No network connectivity for new domU's (No available IRQ to bind to: increase NR_DYNIRQS)

Bug #341846 reported by Wido den Hollander
4
Affects Status Importance Assigned to Milestone
xen-3.2 (Fedora)
Fix Released
High
xen-3.2 (Ubuntu)
New
Undecided
Unassigned
xen-meta (Ubuntu)
New
Undecided
Unassigned

Bug Description

I have a Ubuntu 8.04 server running with Xen 3.2

Linux vps-pool-01.xen.pcextreme.nl 2.6.24-22-xen #1 SMP Mon Nov 24 21:35:54 UTC 2008 x86_64 GNU/Linux

DISTRIB_ID=Ubuntu
DISTRIB_RELEASE=8.04
DISTRIB_CODENAME=hardy
DISTRIB_DESCRIPTION="Ubuntu 8.04.2"

The machine is pretty powerfull:
* Dual CPU Quad Core Xeon
* 64GB FB-Dimm DDR2
* Dual Intel Corporation 80003ES2LAN Gbit Ethernet

On the machine are 78 domU's running and they run fine, but when starting domU number 79 it boots fine, but the network does not come up.

The network looks like:
* eth0: untagged VLAN connected to private LAN
* eth0.711: tagged VLAN for management
* eth0.710 <> vlanbr710, connectivity for domU's

A snippet of "brctl show"

bridge name bridge id STP enabled interfaces
vlanbr710 8000.feffffffffff no eth0.710
                                                        vps01
                                                        vps02
                                                        vps33
                                                        vps04
                                                        vps05

What caught my attention is that the bridge of the newest domU drops all the traffic:

vps78 Link encap:Ethernet HWaddr fe:ff:ff:ff:ff:ff
          UP BROADCAST RUNNING PROMISC MULTICAST MTU:1500 Metric:1
          RX packets:0 errors:0 dropped:0 overruns:0 frame:0
          TX packets:0 errors:0 dropped:31755 overruns:0 carrier:0
          collisions:0 txqueuelen:32
          RX bytes:0 (0.0 B) TX bytes:0 (0.0 B)

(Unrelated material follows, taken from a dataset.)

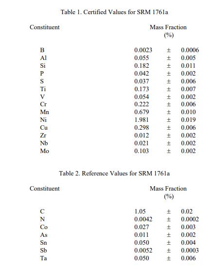 表 1 报告了 SRM 1761a 的 14 种成分的认证值。表 2 报告了七种成分的参考值。表 3 报告了 Fe 的信息值。对于所有元素,值都以质量分数报告 [1]。赋值类别基于 NIST 用于化学参考材料 [2] 的术语和模式的定义。

When i do a tcpdump in the domU i see no traffic coming into the domU and as you can see, the RX/TX bytes stays at 0.0B

All the new domU's i create don't have network access, but the running domU's are working fine.

I found a post on the Xen mailinglist: http://www.nabble.com/XEN-3.1:-critical-bug:-vif-init-failure-after-creating-15-17-VMs-(XENBUS:-Timeout-connecting-to-device:-device-vif)-td11571794.html

On that post the bug seemed fixed in the upstream code.

Since this machine is in production at the moment i can't reboot it or build some new kernels.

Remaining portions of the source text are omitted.